Worsley Keith J, Taylor Jonathan E, Tomaiuolo Francesco, Lerch Jason
Department of Mathematics and Statistics, McGill University, Montreal, Canada H3A 2K6.
Neuroimage. 2004;23 Suppl 1:S189-95. doi: 10.1016/j.neuroimage.2004.07.026.
We report new random field theory P values for peaks of canonical correlation SPMs for detecting multiple contrasts in a linear model for multivariate image data. This completes results for all types of univariate and multivariate image data analysis. All other known univariate and multivariate random field theory results are now special cases, so these new results present a true unification of all currently known results.
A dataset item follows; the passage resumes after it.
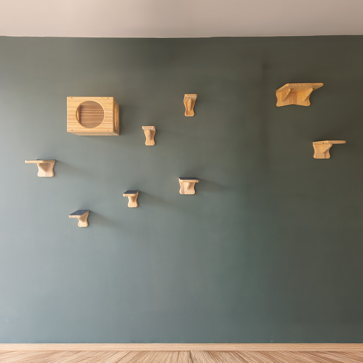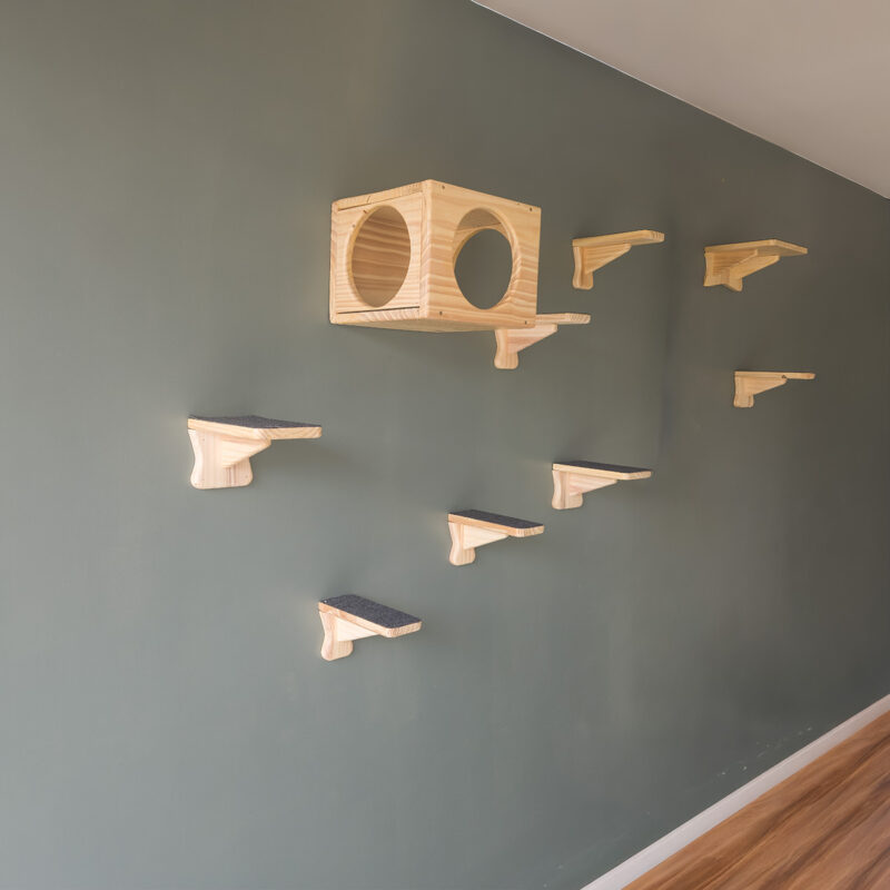 Cada detalhe desse kit foi pensado com carinho: do design minimalista que harmoniza com seu lar, aos materiais naturais como o pinus reflorestado e o sisal, que trazem segurança e conforto para o seu gato se divertir sem preocupações. As bases firmes garantem estabilidade, enquanto o acabamento elegante reflete a dedicação em criar um ambiente acolhedor.

As an illustration, we use these results in a deformation-based morphometry (DBM) analysis to look for regions of the brain where vector deformations of nonmissile trauma patients are related to several verbal memory scores, to detect regions of changes in anatomical effective connectivity between the trauma patients and a group of age- and sex-matched controls, and to look for anatomical connectivity in cortical thickness.
我们报告了用于检测多元图像数据线性模型中多个对比的典型相关统计参数映射(SPM)峰值的新随机场理论P值。这完善了所有类型单变量和多变量图像数据分析的结果。所有其他已知的单变量和多变量随机场理论结果现在都是特殊情况,因此这些新结果真正统一了所有当前已知的结果。作为示例,我们将这些结果用于基于变形的形态测量(DBM)分析,以寻找非导弹创伤患者的向量变形与多个言语记忆分数相关的脑区,检测创伤患者与一组年龄和性别匹配的对照组之间解剖学有效连接性变化的区域,并寻找皮质厚度的解剖学连接性。